Sotatercept alleviated anemia burden in low-risk myelodysplastic syndrome

SAN FRANCISCO — Treatment with sotatercept was associated with erythroid hematologic improvement and a reduction in red blood cell transfusion burden in anemic patients with lower-risk myelodysplastic syndrome, according to study results.

Perspective from Alan Lichtin, MD

“Anemia is a common complication of myelodysplastic syndrome, one of the most common blood cancers in elderly patients,” Rami S. Komrokji, MD, of the department of malignant hematology at the H. Lee Moffitt Cancer Center and Research Institute, said during a press briefing. “Around 90% of the patients are anemic, and 60% to 70% will become transfusion dependent. Treatment of anemia, especially in lower-risk myelodysplastic syndrome, remains an unmet medical need and challenge. There are currently limited options available or approved for treatment.”

Rami S. Komrokji

Komrokji and colleagues sought to determine a safely tolerated dose of sotatercept (ACE-011; Acceleron, Celgene) for erythroid hematological improvement in patients with myelodysplastic syndrome-associated anemia.

The analysis included 54 patients with International Prognostic Scoring System-defined low- or intermediate-1 risk for myelodysplastic syndrome or nonproliferative chronic myelomonocytic leukemia (median age, 71 years). Patients’ median time from diagnosis was 4 years (range, 0-31), and 70% of the patients were male.

All patients had anemia with hemoglobin levels ≤9 g/dL and 94% of patients had not responded with or had lost their response to erythropoiesis-stimulating agents.

Patients received a median of six (range, 0-18) red blood cell unit transfusions in the 8 weeks before study enrollment. Forty-five patients had a high transfusion burden, defined by the receipt of four or more transfusions in the 8 previous weeks.

Researchers assigned patients 0.1-mg/kg (n=7), 0.3-mg/kg (n=6), 0.5-mg/kg (n=21) or 1-mg/kg (n=20) doses of sotatercept subcutaneously once every 3 weeks.

Efficacy data were available from 53 patients. Of them, 24 (45%) achieved erythroid hematological improvement.

Nineteen of 44 patients who had a high transfusion burden responded with a reduction of four or more transfusions during 8 weeks. Five patients achieved transfusion independence, and the duration of transfusion independence ranged from 62 to 345 or more days.
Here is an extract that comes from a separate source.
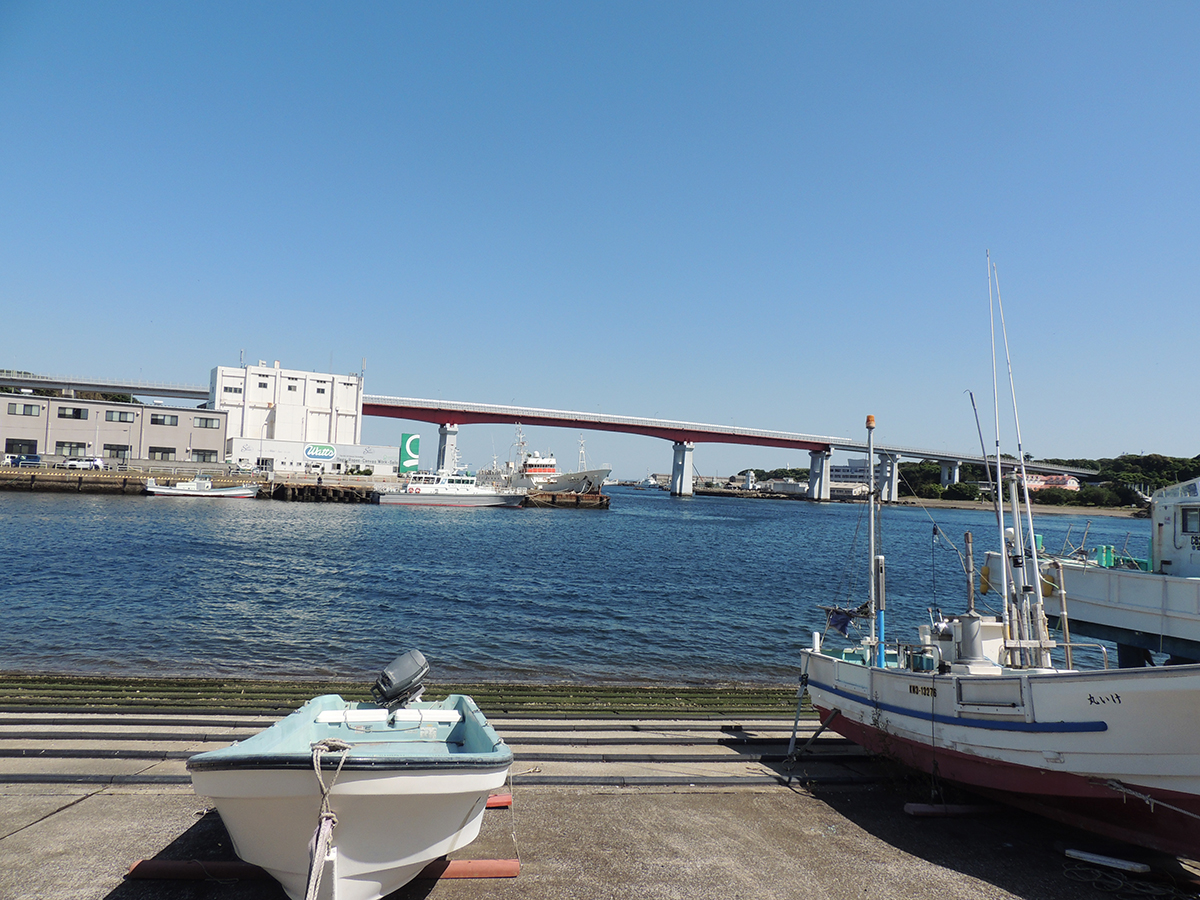 自転車で城ヶ島へ向かうときにも海沿いの道を通ります。ポートで、城ヶ島への行き方がよくわかる地図をもらえるので参考にしながら進みましょう。まず、最初の絶景ポイントは城ケ島大橋です。赤い城ケ島大橋はこの街のシンボル的存在。

Five of nine patients with a low transfusion burden experienced hemoglobin increases ≥1.5 g/dL for 8 or more weeks and achieved transfusion independence. Sixty-seven percent of these patients received the 1-mg/kg dose, and 33% received the 0.5-mg/kg dose.

Researchers noted patients with baseline thrombocytopenia demonstrated platelet increases, and patients with baseline neutropenia experienced increased neutrophil levels.

Twenty patients experienced at least one adverse event, the most common of which were fatigue (11%), headache (9.3%), decreased appetite and nausea (both 7.4%).

Thirty-five patients discontinued sotatercept treatment, 28 of whom discontinued due to a lack of treatment effect. One patient each discontinued due to treatment-related grade 2 hemolytic anemia, grade 3 hypertension and grade 2 muscular weakness.

“Sotatercept showed promising evidence of clinical activity in this cohort of lower-risk myelodysplastic syndrome patients who were anemic and refractory to erythropoiesis-stimulating agents with a challenging and unmet need for treatment,” Komrokji said. “Further exploration of higher sotatercept doses and longer-term treatment is planned and ongoing.”

For more information:

Komrokji RS. Abstract #3251. Presented at: ASH Annual Meeting and Exposition; Dec. 6-9, 2014; San Francisco.

Disclosure: Komrokji reports a consulting relationship with Celgene. Other researchers report consultant/advisory, employment and board of director roles with; research funding from; and equity ownership in Acceleron Pharma, Amgen, Boehringer-Ingelheim, Celgene, Novartis and US Oncology.

Perspective

Alan Lichtin, MD

There is so much interplay of the different regulators in erythropoiesis that this study might shed some light on this area. Any improvements in hemoglobin that we see in this patient population, whether they have thalassemia or myelodysplastic syndrome, is wonderful. But, it’s too early to say whether this study is going to be a home run.
The complexity of how erythropoiesis occurs has to be weighed into the decision-making on how to treat one patient vs. another. For example, if you have a patient with chronic myelomonocytic leukemia or myelodysplasia, they may have some other mutation in some other regulatory pathway and, thus, they may or may not respond how you would expect them to. If you tug at one end of the black box, there could be effects at the other end of the black box. Improvement in hemoglobin or a reduction in transfusion may be wonderful endpoints, but you don’t know whether the agent you gave acted the way you expected because of the possibility of interplay between other regulators.

Alan Lichtin, MD

Cleveland Clinic

Disclosures: Lichtin reports no relevant financial disclosures.